• What is required
Print, please, exactly the lines from the one with "Tikšanās laikā jaunieši" through the final line of the data below, with both ends included and the pictures left out.

• Data below
────────────────────

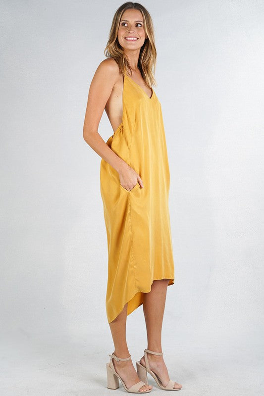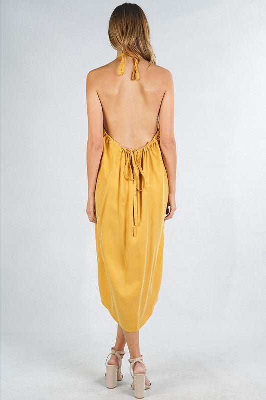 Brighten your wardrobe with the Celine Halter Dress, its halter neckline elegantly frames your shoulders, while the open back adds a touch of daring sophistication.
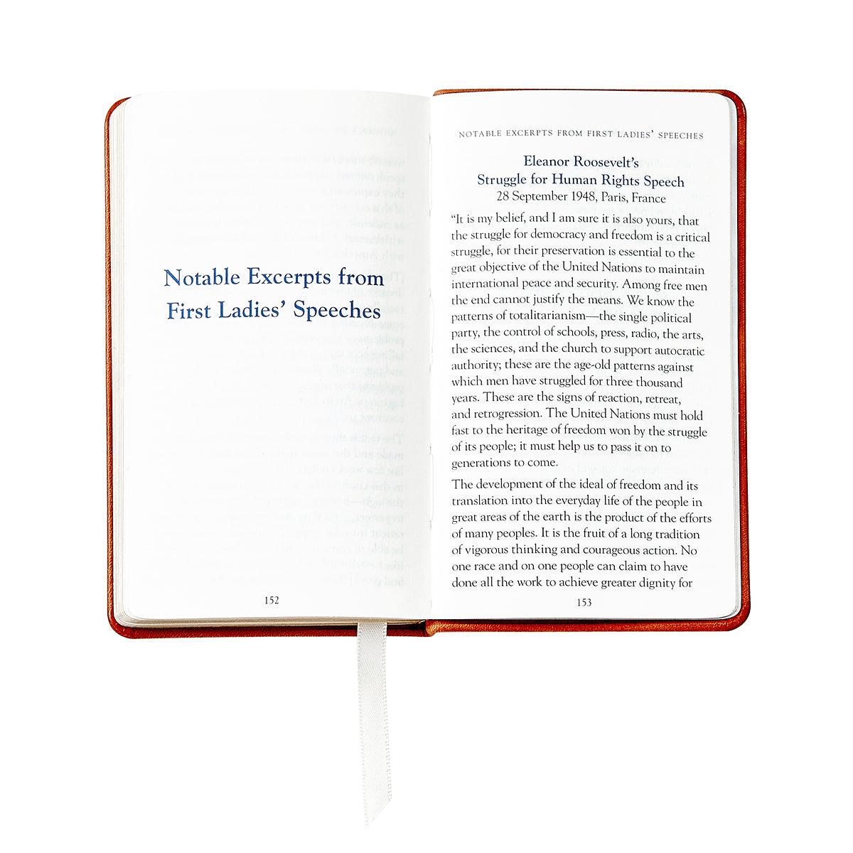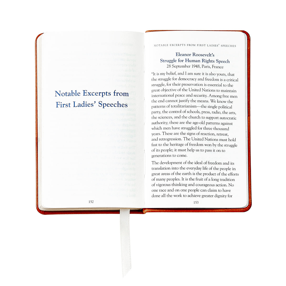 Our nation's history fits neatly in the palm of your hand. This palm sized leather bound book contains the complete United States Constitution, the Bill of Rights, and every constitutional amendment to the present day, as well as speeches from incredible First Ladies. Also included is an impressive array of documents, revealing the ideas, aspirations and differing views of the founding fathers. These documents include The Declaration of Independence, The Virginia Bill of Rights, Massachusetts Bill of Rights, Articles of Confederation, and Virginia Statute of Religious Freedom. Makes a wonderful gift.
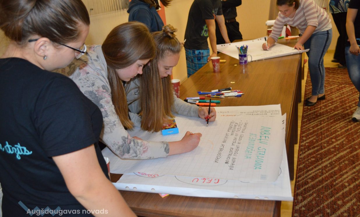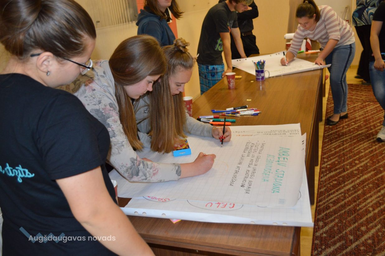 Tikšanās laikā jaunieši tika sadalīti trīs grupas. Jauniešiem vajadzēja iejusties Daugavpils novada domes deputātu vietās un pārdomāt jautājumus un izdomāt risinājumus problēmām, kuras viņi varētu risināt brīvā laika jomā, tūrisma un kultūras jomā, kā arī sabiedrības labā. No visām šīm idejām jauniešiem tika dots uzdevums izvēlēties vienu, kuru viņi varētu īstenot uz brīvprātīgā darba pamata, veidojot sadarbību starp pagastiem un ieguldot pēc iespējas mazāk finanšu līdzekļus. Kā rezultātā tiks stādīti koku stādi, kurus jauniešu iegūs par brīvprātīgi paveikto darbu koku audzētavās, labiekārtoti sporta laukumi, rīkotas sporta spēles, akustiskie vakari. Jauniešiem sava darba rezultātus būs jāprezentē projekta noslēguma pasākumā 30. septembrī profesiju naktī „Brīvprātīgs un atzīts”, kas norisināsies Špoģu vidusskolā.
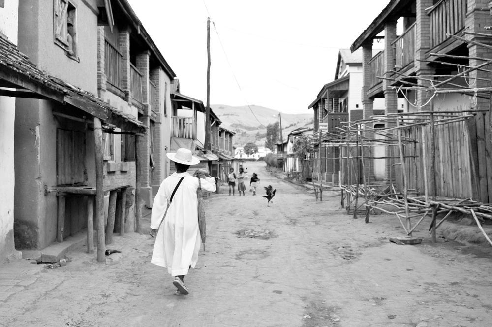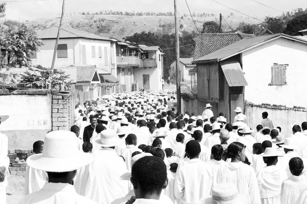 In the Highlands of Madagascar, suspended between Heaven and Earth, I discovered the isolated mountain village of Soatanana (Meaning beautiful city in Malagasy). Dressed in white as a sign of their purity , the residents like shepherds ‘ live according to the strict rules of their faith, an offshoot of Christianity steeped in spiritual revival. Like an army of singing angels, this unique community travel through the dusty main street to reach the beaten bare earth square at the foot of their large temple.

────────────────────

• Finished task
 Tikšanās laikā jaunieši tika sadalīti trīs grupas. Jauniešiem vajadzēja iejusties Daugavpils novada domes deputātu vietās un pārdomāt jautājumus un izdomāt risinājumus problēmām, kuras viņi varētu risināt brīvā laika jomā, tūrisma un kultūras jomā, kā arī sabiedrības labā. No visām šīm idejām jauniešiem tika dots uzdevums izvēlēties vienu, kuru viņi varētu īstenot uz brīvprātīgā darba pamata, veidojot sadarbību starp pagastiem un ieguldot pēc iespējas mazāk finanšu līdzekļus. Kā rezultātā tiks stādīti koku stādi, kurus jauniešu iegūs par brīvprātīgi paveikto darbu koku audzētavās, labiekārtoti sporta laukumi, rīkotas sporta spēles, akustiskie vakari. Jauniešiem sava darba rezultātus būs jāprezentē projekta noslēguma pasākumā 30. septembrī profesiju naktī „Brīvprātīgs un atzīts”, kas norisināsies Špoģu vidusskolā.
 In the Highlands of Madagascar, suspended between Heaven and Earth, I discovered the isolated mountain village of Soatanana (Meaning beautiful city in Malagasy). Dressed in white as a sign of their purity , the residents like shepherds ‘ live according to the strict rules of their faith, an offshoot of Christianity steeped in spiritual revival. Like an army of singing angels, this unique community travel through the dusty main street to reach the beaten bare earth square at the foot of their large temple.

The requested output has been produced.